What is Rl4-Skills.mdc?
Each Snapshot also updates: {workspace_root}/.cursor/rules/Rl4-Skills.mdc This file contains: DO rules, DON'T rules, architectural constraints, lessons extracted from real regressions, guardrails derived from actual mistakes. This is how RL4 prevents your AI from repeating the same errors. Instead of manually writing rules, RL4 builds them from evidence. When your LLM runs through MCP, these skills are injected automatically. Over time, your assistant aligns with your project.
How does RL4 work across Cursor, VSCode, and Claude Code?
RL4 works with: Cursor, VSCode, Claude Code CLI. You can: switch chats, switch sessions, switch LLM providers. Your project memory remains intact. All structured memory lives in {workspace_root}/.rl4/. The memory belongs to the project — not the model.
What is headless (MCP) vs manual mode?
**Manual (Webview):** Click buttons, run Snapshots manually, inspect memory. **Headless (via MCP):** Use tool calls like run_snapshot(), search_context(). This allows agents to: retrieve structured context, query timeline and evidence, operate with full project awareness. Headless mode turns RL4 into a reasoning middleware.
Can RL4 restore a project?
Yes. Because RL4 uses structured snapshots and a content store, it can: reconstruct a workspace state, replay what happened, provide proof-based explanations. It's not just logs. It's a replayable memory layer.
Does RL4 modify my code?
No. RL4 observes, structures, and stores metadata. It does not alter your source files. Your code remains untouched.
Is RL4 local-first?
Yes. All core memory lives locally inside {workspace_root}/.rl4/. You are not locked into a cloud memory box. The memory moves with your repository.

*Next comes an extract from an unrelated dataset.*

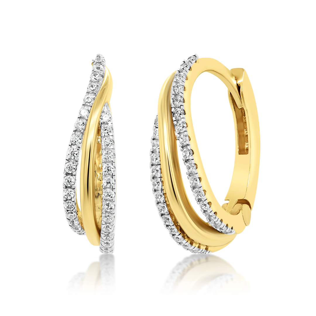 Cercei din aur galben de 14K cu pietre Cubic Zirconia.

What makes RL4 different from Git history?
Git tracks diffs. RL4 tracks: decisions, context, reasoning, regressions, constraints, chat history, IDE activity. Git tells you what changed. RL4 tells you what happened — and why.
When should I run a Snapshot?
Recommended moments: after completing a feature, after fixing a bug, before switching LLM, before refactoring, at the end of a session, before handing work to another agent. Think of Snapshot as: "Synchronize memory with reality."
What is RL4 in a nutshell?
RL4 turns your project into: a persistent memory system, a replayable timeline, a proof-based reasoning ledger, a constraint-aware AI environment — without requiring you to manage any files manually.
What exactly does RL4 Cursor capture?
RL4 Cursor builds an RCEP™ snapshot from your selected Cursor chat history. It extracts: - Topics discussed with weights - Decisions made with timestamps - Constraints and rules established - Timeline summary - Evidence Pack: file events, IDE activity signals, workspace state
What sources does RL4 Cursor scan?
It scans Cursor local storage (workspace/global DB when available) and can fall back to an exported cursor-aiService.generations.json if needed. The scan is read-only and doesn't modify your Cursor data.
Can I switch models mid-project without re-briefing?
Yes — that's the core value. Generate a snapshot in Cursor, then paste it into Claude, ChatGPT, Gemini, or any other LLM. The new model receives your full context: what you built, what you decided, what constraints apply.
What time ranges can I select?
Quick options include: - "Since first prompt ever" — Full history - "Since last snapshot end" — Incremental capture - "Last 30 min" / "Today" — Recent work only You can also filter by specific threads if you only want certain conversations.
What are the compression modes?
- **Compact** (recommended): Smallest structured snapshot, fastest to generate. Works for 90% of cases. - **Ultra+**: Compact + a "meaning layer" with mini summary and checklist. More context for complex projects. - **Full Transcript**: Complete conversation history. Only for short threads — can be too large for most LLMs.
What does mono-thread vs multi-thread mean?
A thread is a single Cursor chat conversation. - **Mono-thread**: One thread per snapshot. Cleanest, most focused. - **Multi-thread**: Bundle multiple conversations into one snapshot. Useful when your work spans several chat sessions.
Why do you need ProofLayer / Evidence at all?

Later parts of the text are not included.